> What is expected: For every line below, restate it exactly and drop the images.

> Data excerpt:
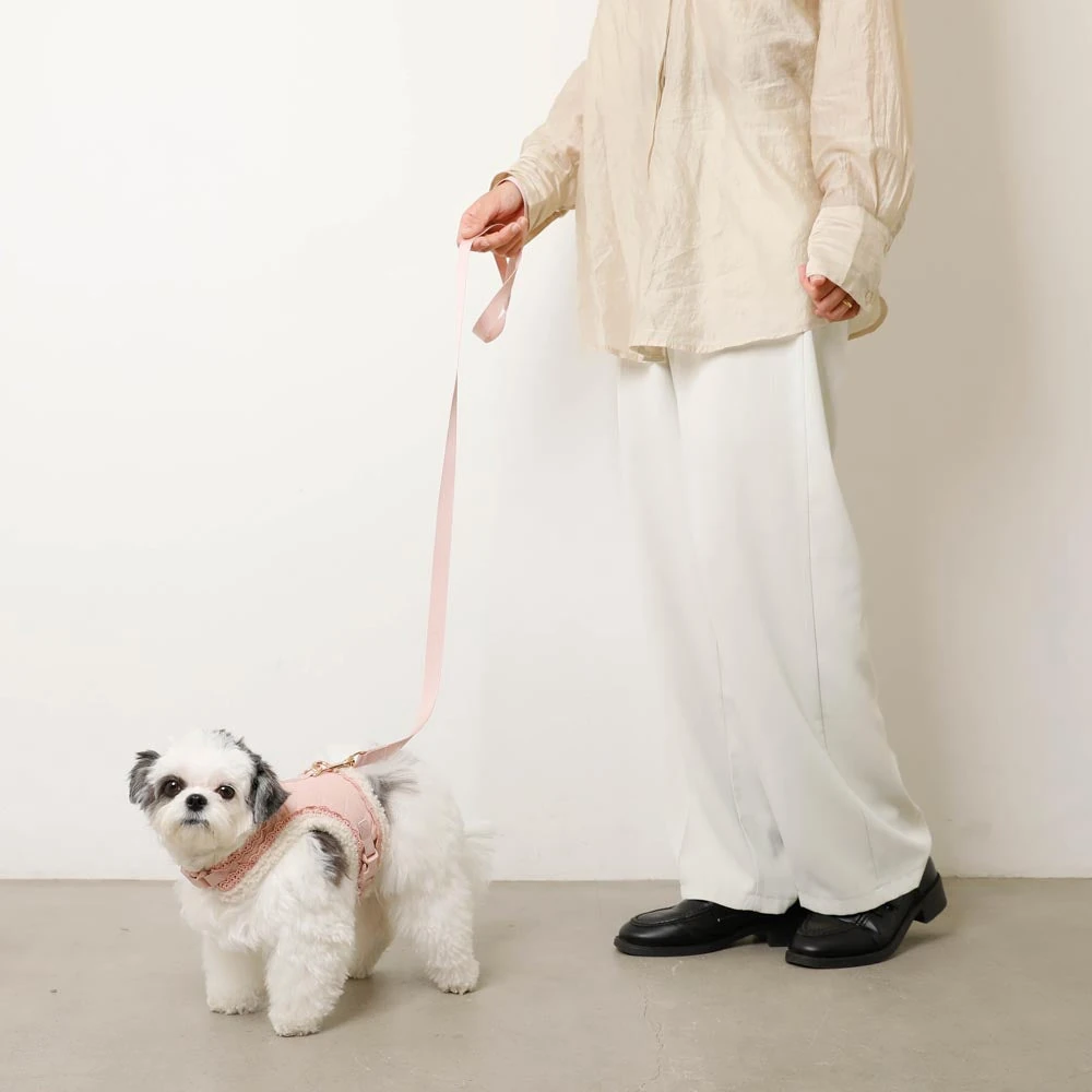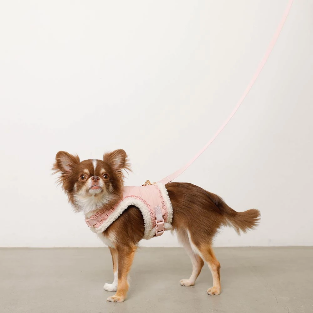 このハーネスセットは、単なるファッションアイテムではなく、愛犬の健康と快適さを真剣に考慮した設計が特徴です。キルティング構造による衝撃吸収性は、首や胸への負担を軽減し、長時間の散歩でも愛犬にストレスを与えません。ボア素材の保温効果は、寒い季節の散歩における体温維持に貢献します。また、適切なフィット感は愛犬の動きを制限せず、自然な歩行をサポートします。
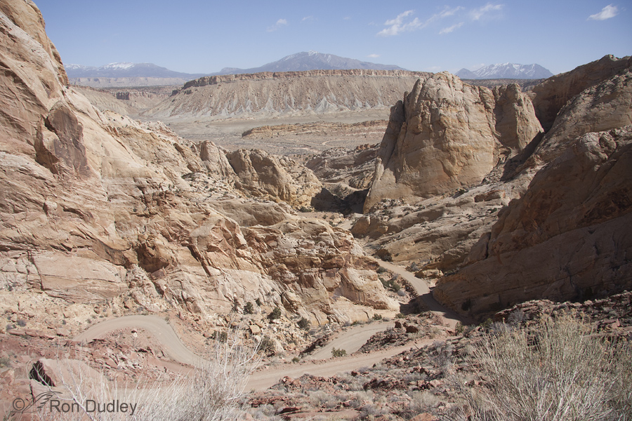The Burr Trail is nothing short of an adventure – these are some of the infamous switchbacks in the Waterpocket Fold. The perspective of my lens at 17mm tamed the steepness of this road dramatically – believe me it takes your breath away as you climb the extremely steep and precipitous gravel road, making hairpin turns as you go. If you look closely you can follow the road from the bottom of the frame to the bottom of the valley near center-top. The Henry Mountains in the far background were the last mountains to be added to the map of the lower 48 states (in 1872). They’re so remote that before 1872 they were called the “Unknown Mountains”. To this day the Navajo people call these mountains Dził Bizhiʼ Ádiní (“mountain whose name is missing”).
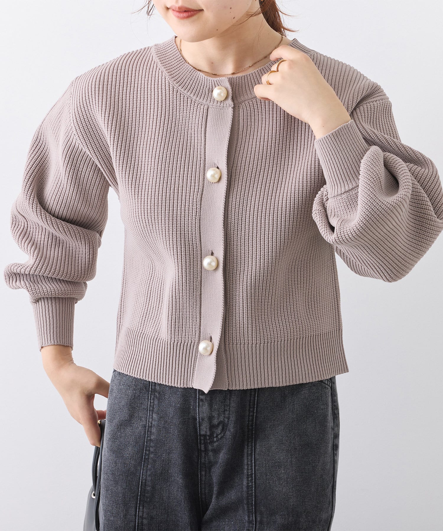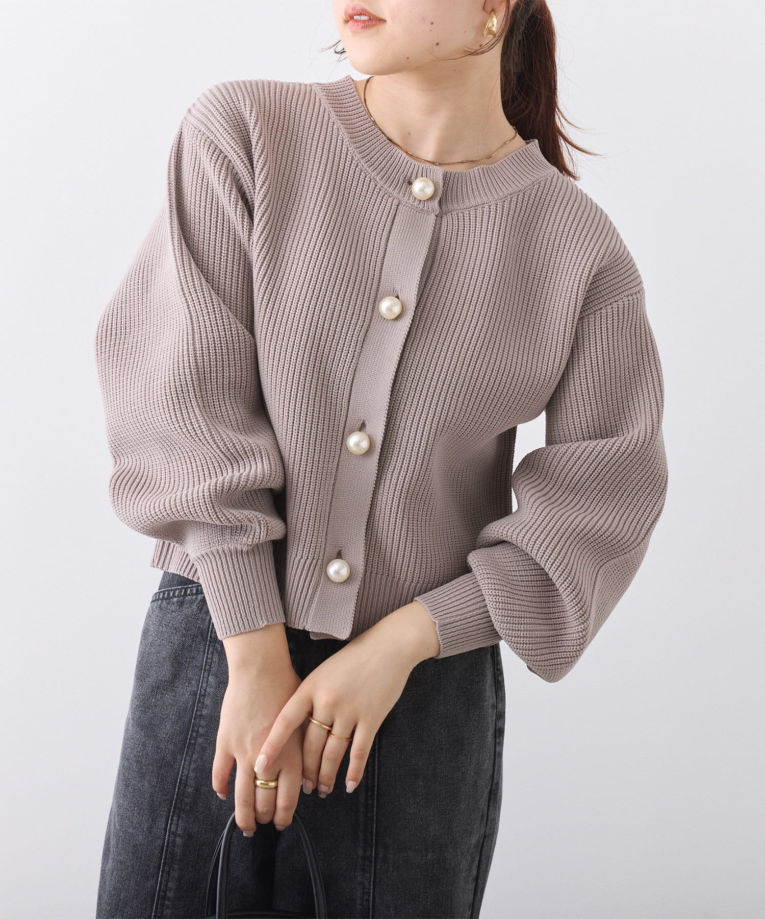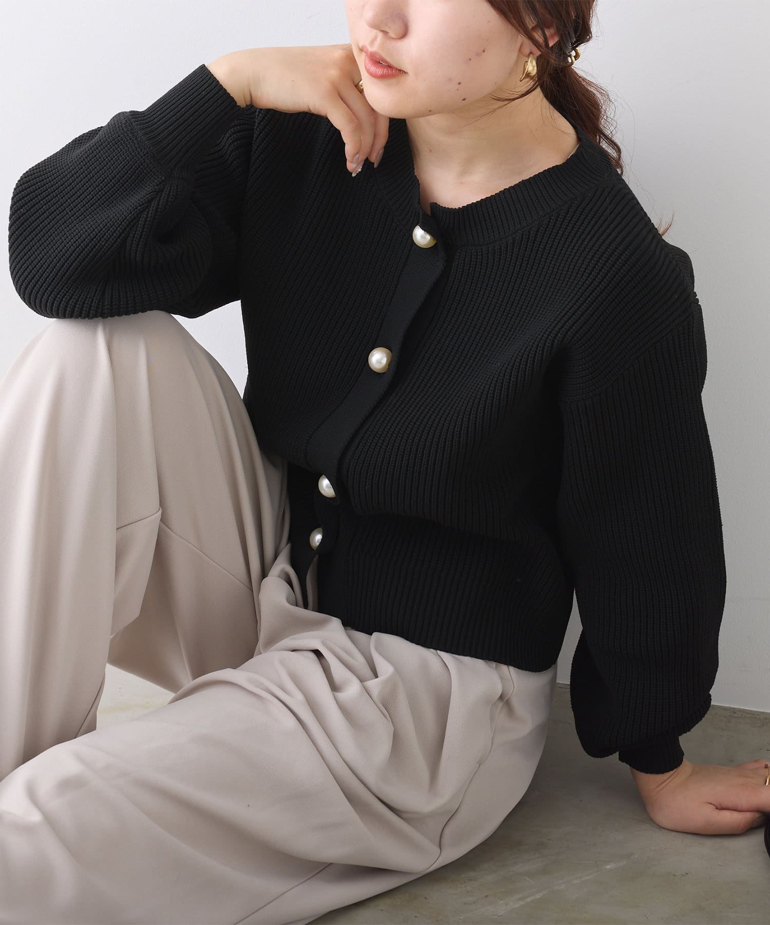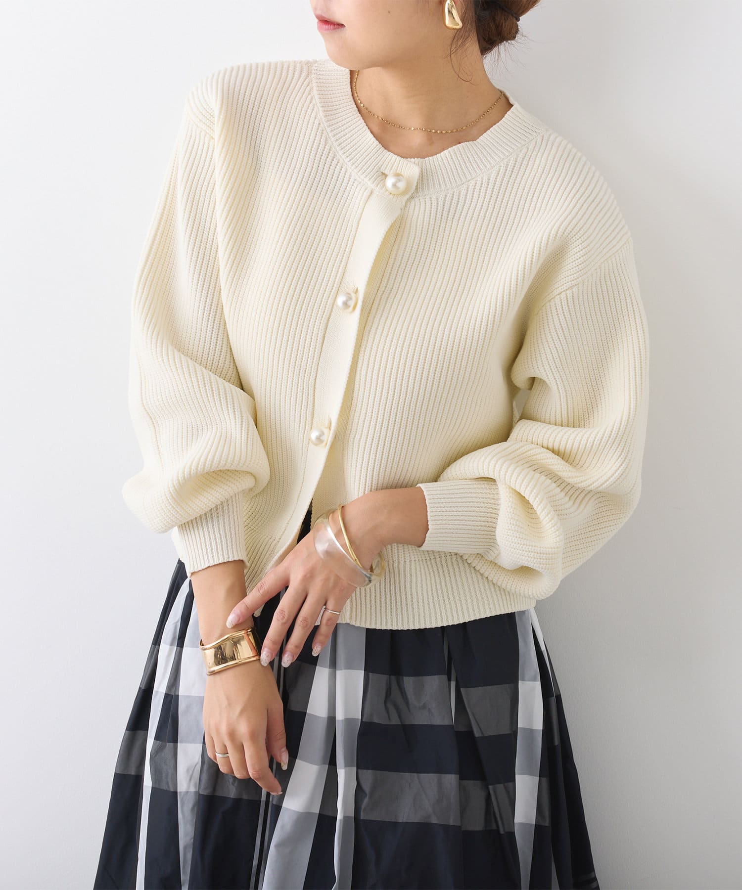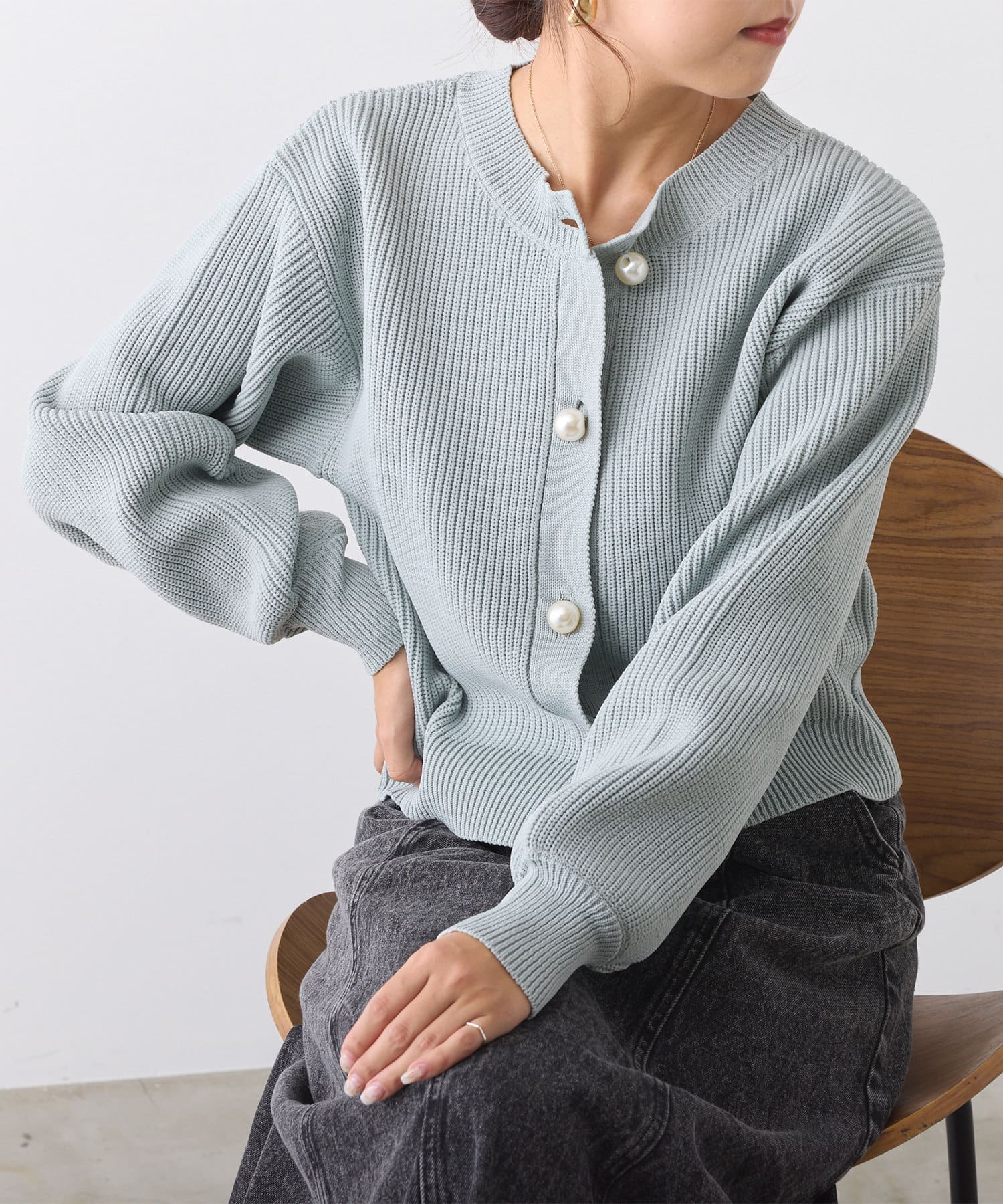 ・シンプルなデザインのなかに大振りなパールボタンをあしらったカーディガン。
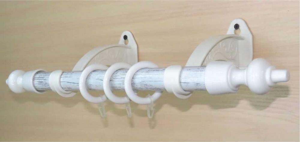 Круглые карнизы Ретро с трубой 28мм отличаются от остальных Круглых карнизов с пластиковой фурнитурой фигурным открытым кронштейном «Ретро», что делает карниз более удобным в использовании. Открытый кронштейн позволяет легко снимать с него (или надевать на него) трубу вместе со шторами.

> Expected answer:
 このハーネスセットは、単なるファッションアイテムではなく、愛犬の健康と快適さを真剣に考慮した設計が特徴です。キルティング構造による衝撃吸収性は、首や胸への負担を軽減し、長時間の散歩でも愛犬にストレスを与えません。ボア素材の保温効果は、寒い季節の散歩における体温維持に貢献します。また、適切なフィット感は愛犬の動きを制限せず、自然な歩行をサポートします。
The Burr Trail is nothing short of an adventure – these are some of the infamous switchbacks in the Waterpocket Fold. The perspective of my lens at 17mm tamed the steepness of this road dramatically – believe me it takes your breath away as you climb the extremely steep and precipitous gravel road, making hairpin turns as you go. If you look closely you can follow the road from the bottom of the frame to the bottom of the valley near center-top. The Henry Mountains in the far background were the last mountains to be added to the map of the lower 48 states (in 1872). They’re so remote that before 1872 they were called the “Unknown Mountains”. To this day the Navajo people call these mountains Dził Bizhiʼ Ádiní (“mountain whose name is missing”).
 ・シンプルなデザインのなかに大振りなパールボタンをあしらったカーディガン。
 Круглые карнизы Ретро с трубой 28мм отличаются от остальных Круглых карнизов с пластиковой фурнитурой фигурным открытым кронштейном «Ретро», что делает карниз более удобным в использовании. Открытый кронштейн позволяет легко снимать с него (или надевать на него) трубу вместе со шторами.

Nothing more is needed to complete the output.